Think i'm going to enjoy the next couple of years learning to match these two up.

My L1 and after much deliberation a shiny new E10.


----------



## coffeechap (Apr 5, 2012)

really nice, you will love that combo


----------



## DoubleShot (Apr 23, 2014)

Can now understand why you delayed the tv upgrade, ha ha.

Niice pairing indeed.

Enjoy!


----------



## The Systemic Kid (Nov 23, 2012)

Savvy set up - nice.


----------



## TonyW (Jul 17, 2012)

Very nice.

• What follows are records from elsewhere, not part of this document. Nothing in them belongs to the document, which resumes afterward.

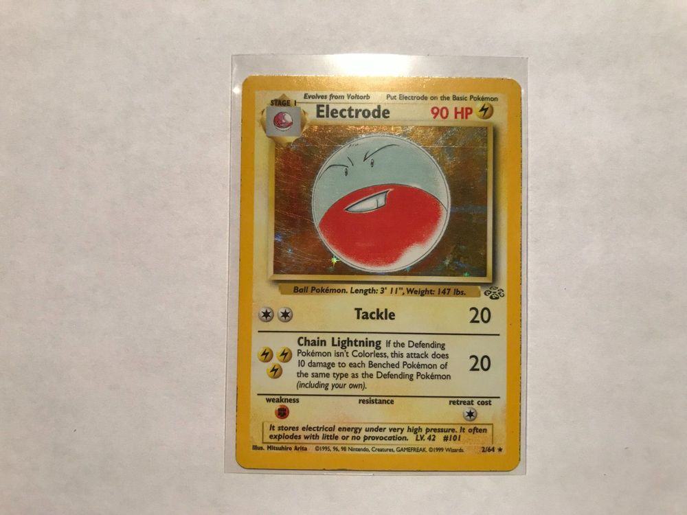 ElectrodeHolo 1999 Pokemon TCG Jungle 2/64 1999 US Electrode Holo Featuring the powerful electrode with a. If more than ten cards are tied for the top ten positions, then cards may be grouped by position. Attack 2:[lll] chain lightning (20) if the defending pokémon isn't colorless, this attack does 10 damage to each benched pokémon of the same type as. Große auswahl an electrode jungle holo 1st edition entdecken. By. Electrode Holo.
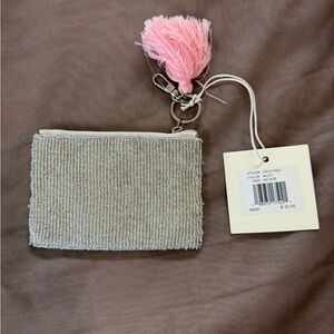 Chic beaded coin purse with ice cream design. Features a pink tassel and secure clasp.
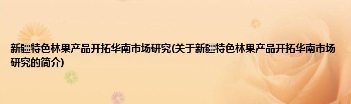 本文关于新疆特色林果产品开拓华南市场研究的简介就讲解完毕,希望对大家有所帮助。
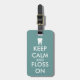 Behållans lugn och påfylls på bagagetaggen med tandad logotyp. Anpassa resväskor och resväskor. Utformning av vintagen för anpassade för resenärer. Teal eller någon anpassningsbar färg. Skapa din egen lustiga Behålla lugn och fortsätt med tandvård parodi. Bakgrunden färg och texten kan ändras.

Excellent choice.


----------



## Jedi oh (Mar 17, 2015)

Very nice indeed.


----------



## mrsimba (Mar 17, 2014)

Beautiful set up there


----------



## froggystyle (Oct 30, 2013)

Change the hopper for the shorter one, makes it look loads better...


----------



## risky (May 11, 2015)

So shiny. Lovely set up.


----------



## aaroncornish (Nov 7, 2012)

Very very nice sir!!


----------



## Mr O (Jan 14, 2015)

Nice


----------



## Brewer in training (Feb 7, 2015)

Very nice looking machines.......


----------



## foundrycoffeeroasters.com (Jun 19, 2014)

A great match for sure. A wise choice, lots of great coffee ahead for you by the looks of things.


----------